→ INSTRUCTIONS FOR THE TASK:
Below, some lines carry pictures; leave those pictures out and retype exactly the lines from the one with "在较为私密的主卧空间,设计师" through the one with "- Quần jeans".

→ DATASET RECORDS:
· · · · ·
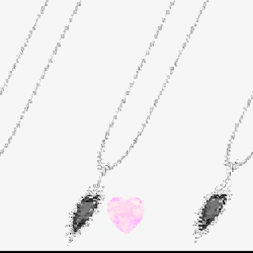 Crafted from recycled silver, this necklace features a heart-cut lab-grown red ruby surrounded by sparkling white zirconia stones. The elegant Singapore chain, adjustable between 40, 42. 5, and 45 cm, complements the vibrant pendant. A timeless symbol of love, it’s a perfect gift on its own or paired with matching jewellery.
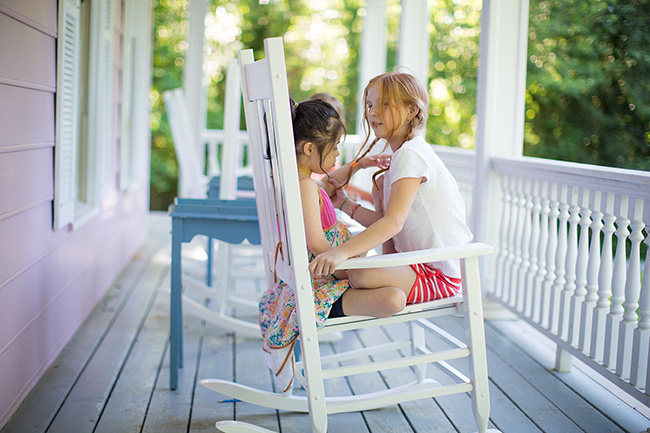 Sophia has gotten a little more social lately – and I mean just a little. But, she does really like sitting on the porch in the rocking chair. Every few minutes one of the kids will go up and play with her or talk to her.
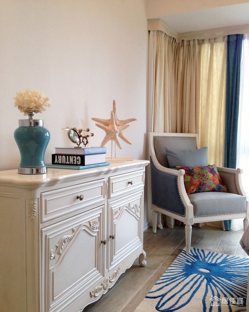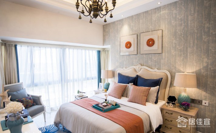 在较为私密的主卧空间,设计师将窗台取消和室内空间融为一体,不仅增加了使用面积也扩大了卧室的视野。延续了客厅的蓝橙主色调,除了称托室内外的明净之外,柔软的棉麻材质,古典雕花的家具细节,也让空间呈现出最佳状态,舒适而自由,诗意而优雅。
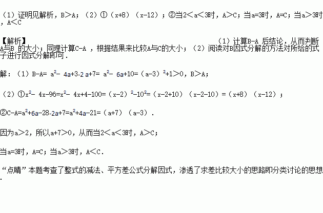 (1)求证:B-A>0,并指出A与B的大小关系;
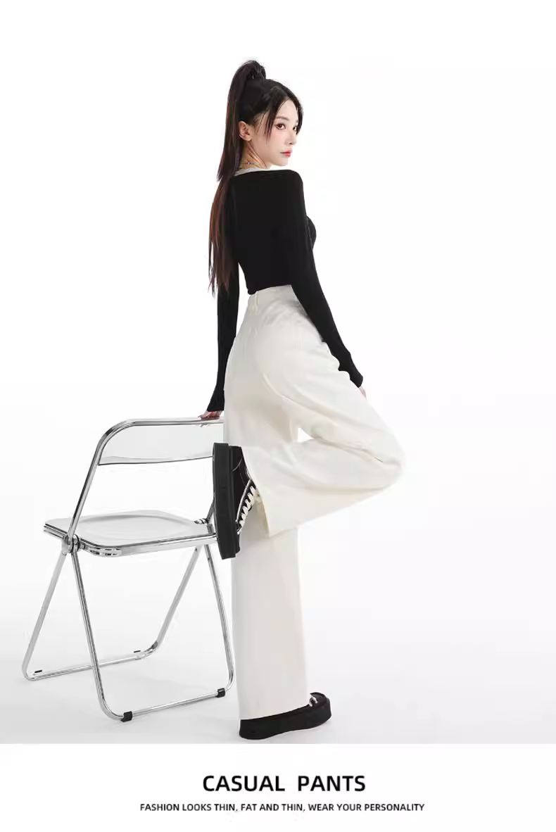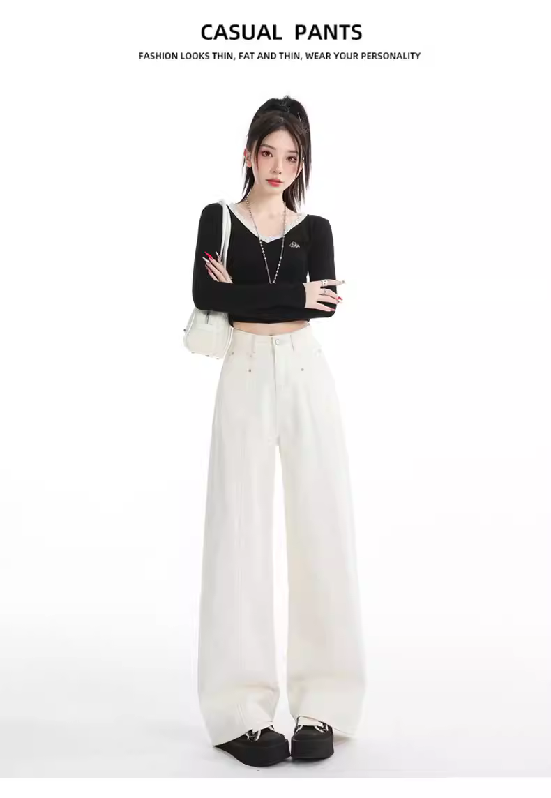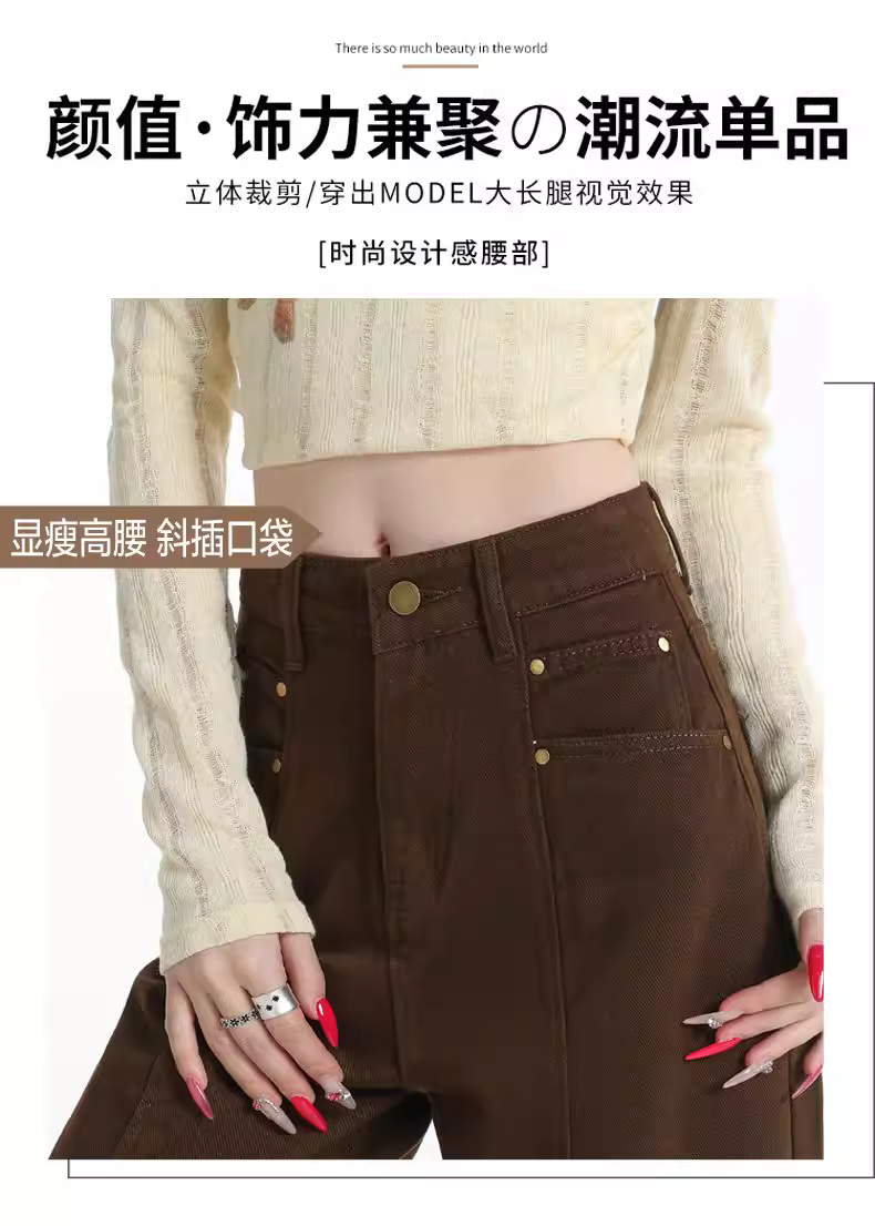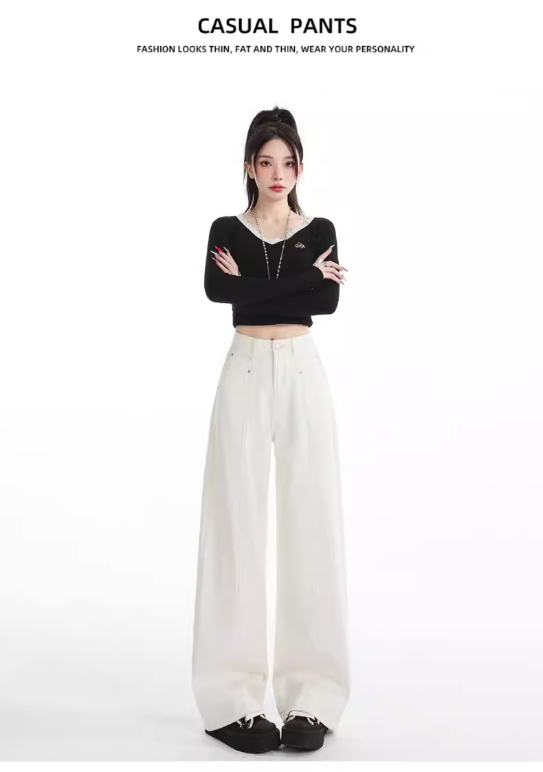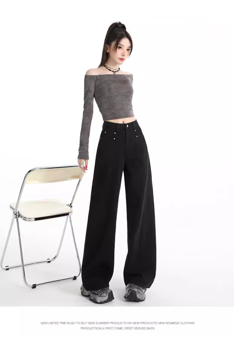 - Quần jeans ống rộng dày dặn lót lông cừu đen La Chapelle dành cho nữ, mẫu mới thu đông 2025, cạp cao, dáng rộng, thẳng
· · · · ·
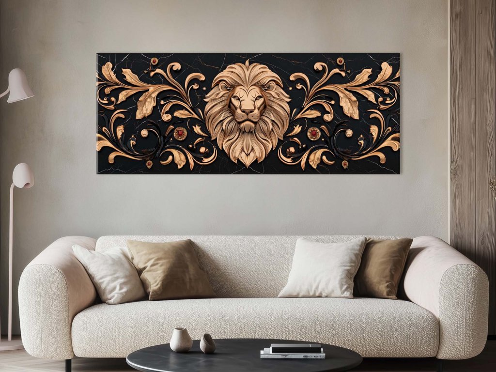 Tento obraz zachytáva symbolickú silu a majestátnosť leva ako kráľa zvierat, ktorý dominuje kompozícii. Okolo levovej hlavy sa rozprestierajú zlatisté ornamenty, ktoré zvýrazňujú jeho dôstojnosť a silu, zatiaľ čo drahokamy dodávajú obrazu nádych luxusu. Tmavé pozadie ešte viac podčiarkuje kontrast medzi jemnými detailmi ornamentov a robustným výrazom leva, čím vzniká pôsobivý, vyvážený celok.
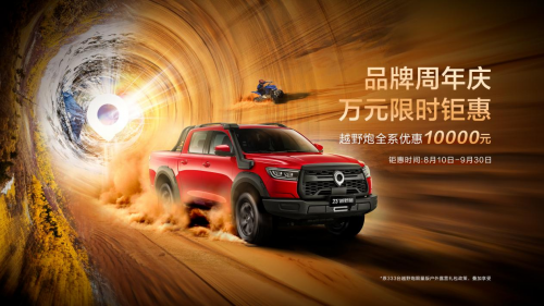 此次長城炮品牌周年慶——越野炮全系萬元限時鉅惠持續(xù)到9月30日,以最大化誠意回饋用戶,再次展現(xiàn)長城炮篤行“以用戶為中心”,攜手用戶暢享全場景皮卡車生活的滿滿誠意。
· · · · ·
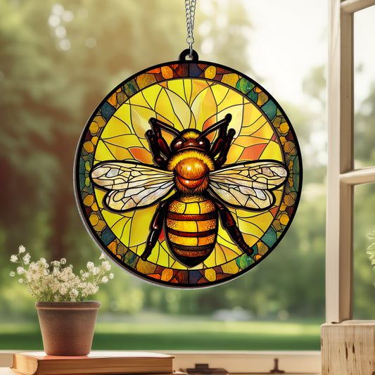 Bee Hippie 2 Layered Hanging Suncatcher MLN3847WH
· · · · ·
→ RESULT:
 在较为私密的主卧空间,设计师将窗台取消和室内空间融为一体,不仅增加了使用面积也扩大了卧室的视野。延续了客厅的蓝橙主色调,除了称托室内外的明净之外,柔软的棉麻材质,古典雕花的家具细节,也让空间呈现出最佳状态,舒适而自由,诗意而优雅。
 (1)求证:B-A>0,并指出A与B的大小关系;
 - Quần jeans ống rộng dày dặn lót lông cừu đen La Chapelle dành cho nữ, mẫu mới thu đông 2025, cạp cao, dáng rộng, thẳng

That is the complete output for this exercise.